[DATA SUPPLIED — start]

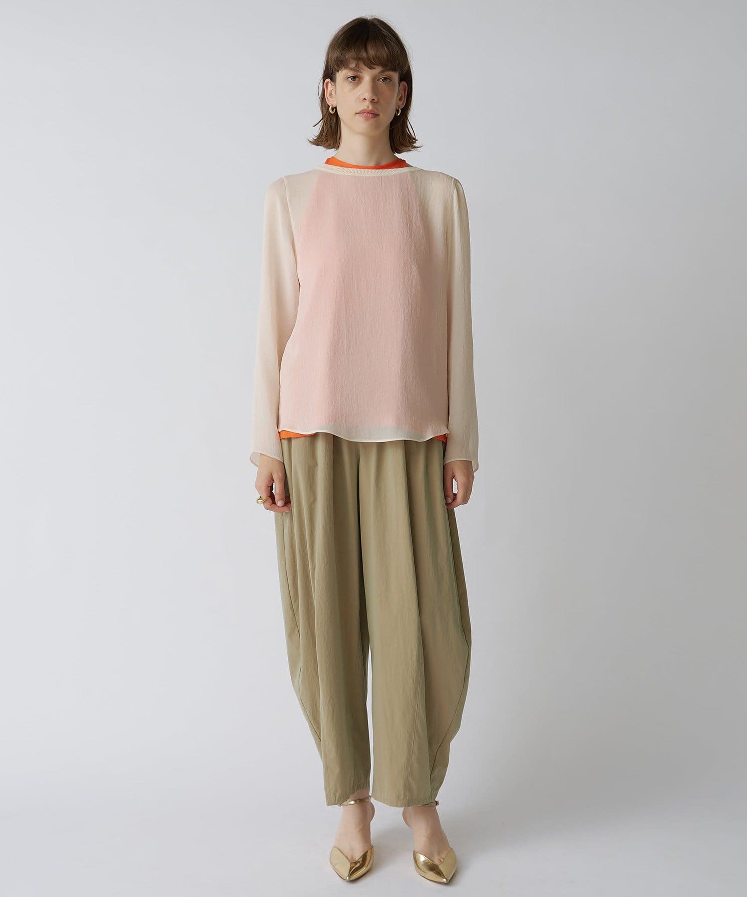 ■薄手のジョーゼット素材を使用したシアーブラウス。
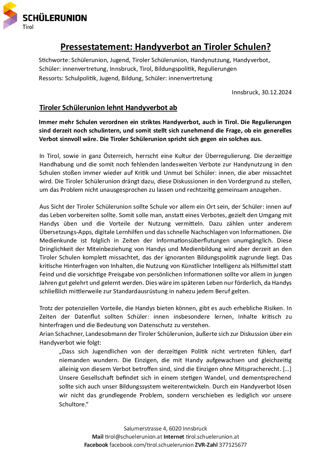 Immer mehr Schulen verordnen ein striktes Handyverbot, auch in Tirol. Die Regulierungen sind derzeit noch schulintern, und somit stellt sich zunehmend die Frage, ob ein generelles Verbot sinnvoll wäre. Die Tiroler Schülerunion spricht sich gegen ein solches aus.
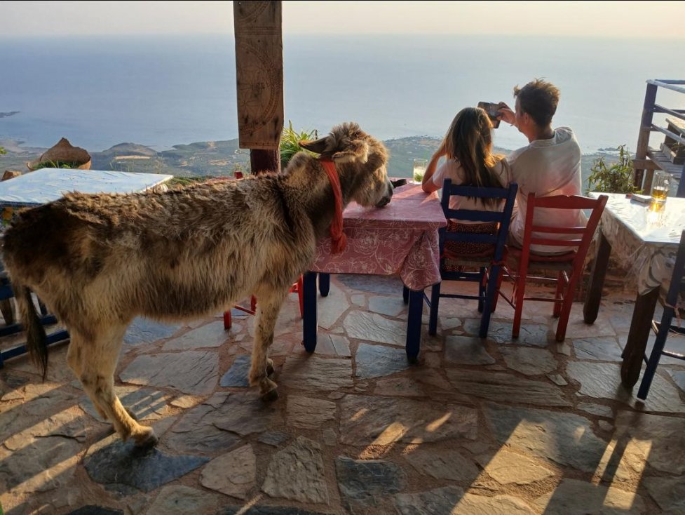 Meneer Pater was onderweg van Paleochora naar Livadia toen hij even stopte voor een verfrissend drankje. Daar ontmoette hij de vriendelijke ezel Petroula.
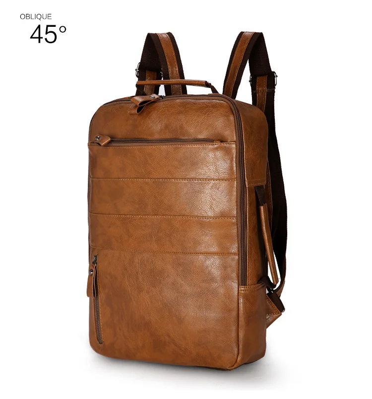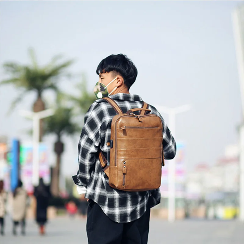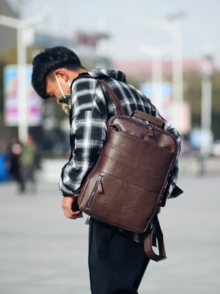 Вместительный винтажный рюкзак для ноутбука для мужчин, Мужская водонепроницаемая сумка, стильные дорожные ранцы из искусственной кожи для подростков
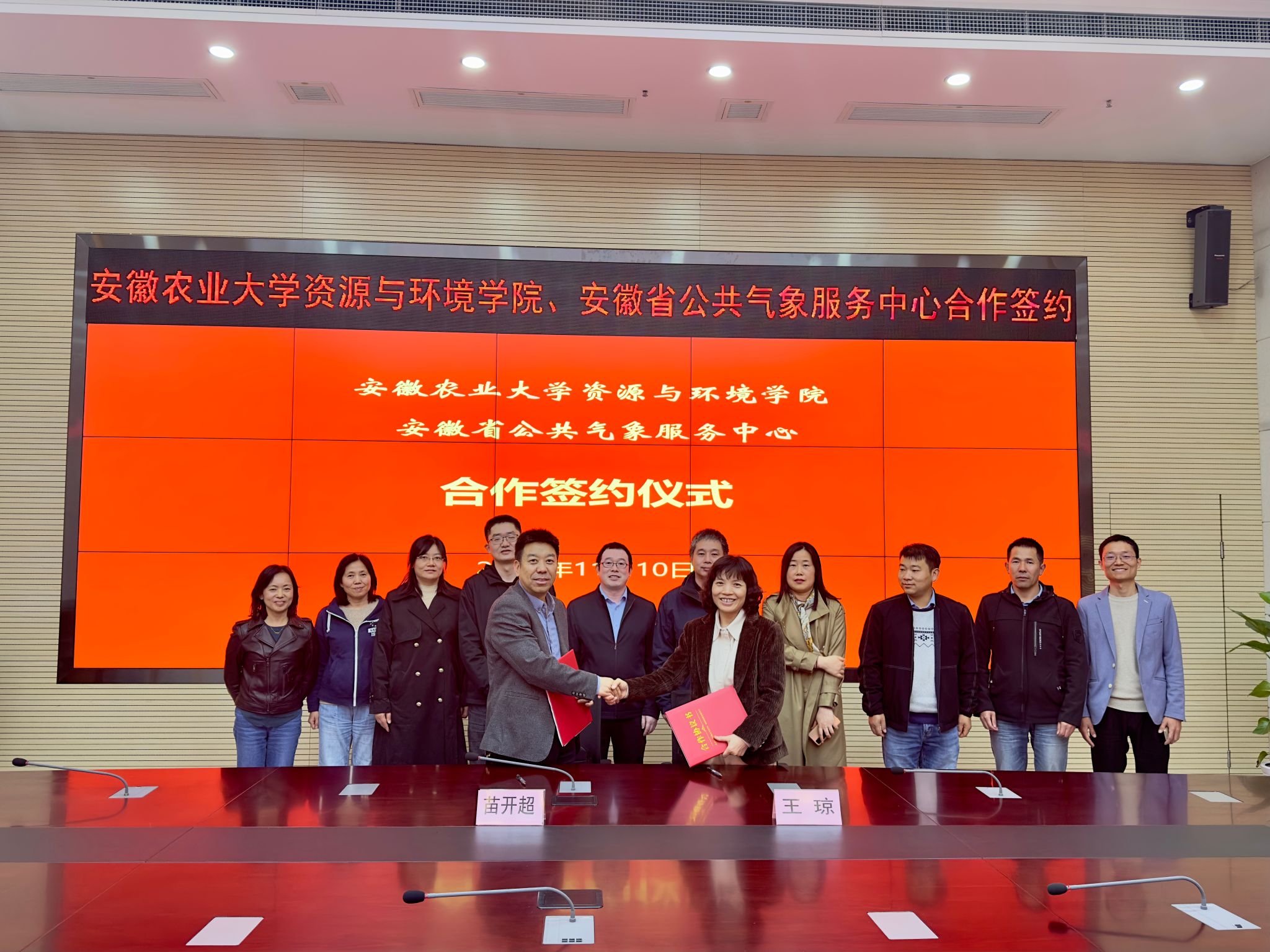 本网讯 11月10日下午,资源与环境学院党委书记王琼率队赴安徽省公共气象服务中心考察交流并签署合作协议,大气科学系负责人、骨干教师及两办人员随行并参加签约仪式。

[DATA SUPPLIED — finish]

**WORK TO BE COMPLETED**
Repeat, exactly and with no pictures, each line from the line that holds "Meneer Pater was" through the last line of the records above.

**TASK SOLUTION**
 Meneer Pater was onderweg van Paleochora naar Livadia toen hij even stopte voor een verfrissend drankje. Daar ontmoette hij de vriendelijke ezel Petroula.
 Вместительный винтажный рюкзак для ноутбука для мужчин, Мужская водонепроницаемая сумка, стильные дорожные ранцы из искусственной кожи для подростков
 本网讯 11月10日下午,资源与环境学院党委书记王琼率队赴安徽省公共气象服务中心考察交流并签署合作协议,大气科学系负责人、骨干教师及两办人员随行并参加签约仪式。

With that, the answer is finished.